Solve the problem involving differential equation

[chwala]

Homework Statement

See attached problem and ms guide

Relevant Equations

linear first order ode

My approach for part (a),

$\dfrac{dp}{dt}+P(t)=100$

I.f=$e^{\int 1 dt} = e^t$

Therefore,

$(e^t p)^{'}=100e^t$

$e^tp=\int 100e^t dt$

$e^tp=100e^t+k$ Applying initial condition, $p(0)=2000$

$2000=100+k$

$k=1900$

Therefore,

$e^tp=100e^t+1900$

$p=100+1900e^{-t}$

More insight is welcome guys...

 

[pasmith]

I would just separate it: $$\begin{split} t &= \int_{2000}^{P(t)} \frac{1}{100 - p}\,dp \\ &= \left[ - \log|100 - p|\right]_{2000}^{P(t)} \\ &= -\log \frac{P(t) - 100}{1900}. \end{split}$$ (We expect $P(t) > 100$ because $P(0) > 100$.)

 

[Delta2]

I would just separate it: $$\begin{split} t &= \int_{2000}^{P(t)} \frac{1}{100 - p}\,dp \\ &= \left[ - \log|100 - p|\right]_{2000}^{P(t)} \\ &= -\log \frac{P(t) - 100}{1900}. \end{split}$$ (We expect $P(t) > 100$ because $P(0) > 100$.)

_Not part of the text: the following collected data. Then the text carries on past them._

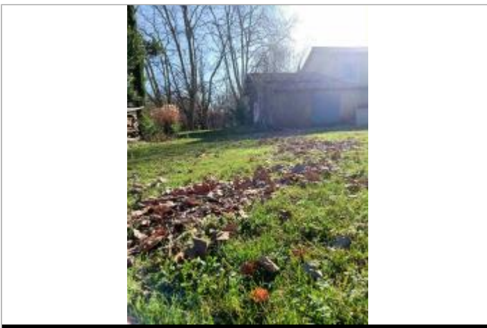
Laisse de crue du 14 décembre 2019 - ferme de Brassacou

GÉOLOCALISATION Coordonnées WGS84 : X: 1.61495959 / Y: 43.09524640 Coordonnées RGF93 (Lambert 93) X: 587153.11 / Y: 6222763.63 Coordonnées RGF93 (ETRS89) : X: 1.6149596 / Y: 43.0952464 Code Hydro: 01--0250 Rive de référence: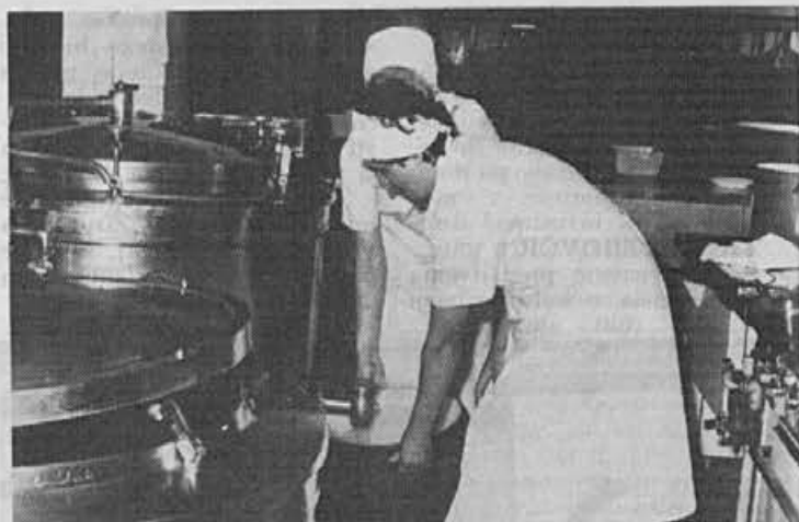
Vso vodo moramo znositi – pravijo kuharice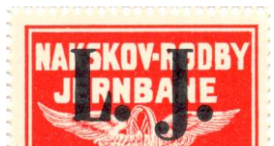
Type Af, nr. 45d

Udsnit i 1:1. Opbrugsudgave fra Nakskov – Rødby Jernbane, mærket er overtrykt L. J. Lang, tynd spids på tv. foden af L. Pos. 11-12, 15.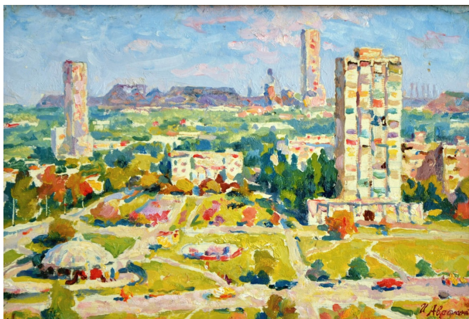
Іван Авраменко «Саксаганський район»

Can you give me a more detailed proof of why $P(t)>100$? @chwala solution solves it without the need to prove this...

 

[WWGD]

Homework Statement:: See attached problem and ms guide
Relevant Equations:: linear first order ode

View attachment 302158


View attachment 302159

View attachment 302160

My approach for part (a),

$\dfrac{dp}{dt}+P(t)=100$

I.f=$e^{\int 1 dt} = e^t$

Therefore,

$(e^t p)^{'}=100e^t$

$e^tp=\int 100e^t dt$

$e^tp=100e^t+k$ Applying initial condition, $p(0)=2000$

$2000=100+k$

$k=1900$

Therefore,

$e^tp=100e^t+1900$

$p=100+1900e^{-t}$

More insight is welcome guys...

Do you know how to test your solution?
See if it satisfies the original equation.

 

[pasmith]

Can you give me a more detailed proof of why $P(t)>100$? @chwala solution solves it without the need to prove this...

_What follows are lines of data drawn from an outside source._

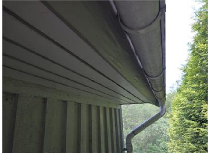
Exempel på färgblåsor i fotbräda.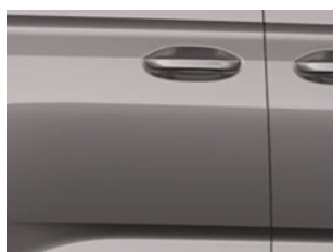
Stříbrná Dusky metalická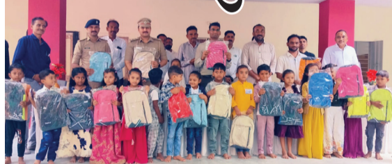
કીટ આપીને સ્વાગત કરવામાં આવેલ. આ પ્રસંગે પોલીસ વડાએ જણાવ્યું હતું કે, મહાનુભવો દ્વારા વૃક્ષારોપણ કરવામાં આવેલ હતું.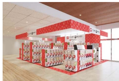
▲『ガシャポンバンダイオフィシャルショップ』葛屋書店 新発田店

近年カプセルトイ業界では、大型のカプセルトイ専門店が増加し、身近なエンターテインメントとして多くのお客さまに楽しまれています。バンダイのオリジナルのカプセルトイブランドである「ガシャポン」ならではの「ワクワク体験」と「ユニークな商品」をファンの皆さまに向けて直接お届けしたいという思いから、バンダイと大型カプセルトイ専門店の運営ノウハウを持つバンダイナムコアミューズメントが協業で当店舗を出店します。

$P(t) - 100$ is continuous; if it's strictly positive when $t > 0$, then there exists $T > 0$ such that $P(t) > 0$ for $0 \leq t < T$. It turns out that in this case there is no upper bound for $T$.

 

[Delta2]

Another way to solve this is to use change of variables, $Q(t)=P(t)-100$, hence the ODE becomes $$\frac{dQ}{dt}=-Q$$ which has the general solution $Q(t)=ce^{-t}$ e.t.c

 

[Delta2]

$P(t) - 100$ is continuous; if it's strictly positive when $t > 0$, then there exists $T > 0$ such that $P(t) > 0$ for $0 \leq t < T$. It turns out that in this case there is no upper bound for $T$.

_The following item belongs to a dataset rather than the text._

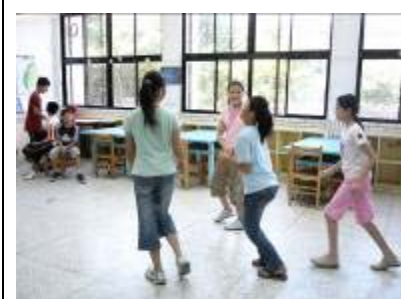
小組的即興表演最能展現創意，所有意想不到的創意，在這裡通通可以看到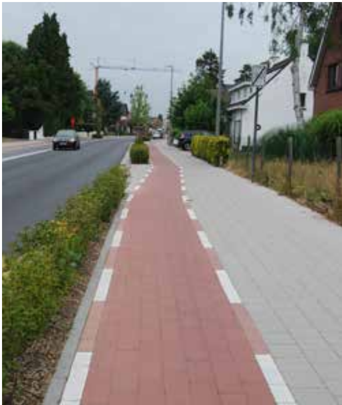
Fietspad in Zingem

You are not arguing accurately here, let me rephrase your argument a bit to what I believe is more accurate reasoning:
$P(t)-100$ is continuous (because its derivative exist) and because $P(0)-100=1900>0$ therefore it exists an interval $[0,T]$ such that $P(t)-100>0$ for $t\in [0,T]$. But it is not clear to me why there is no upper bound for T.

EDIT:OK I guess I get it now, let's hear what the OP has to say about this..

 

[chwala]

Do you know how to test your solution?
See if it satisfies the original equation.

Yes,
$⇒e^tp=100e^t+1900$

$e^tp-100e^t-1900=0.$ Using implicit differentiation,

$e^tp+e^t\dfrac{dp}{dt}-100 e^t=0$

$e^t\dfrac{dp}{dt}=100e^t-e^tp$

$e^t\dfrac{dp}{dt}=e^t(100-p)$

$\dfrac{dp}{dt}=(100-p)$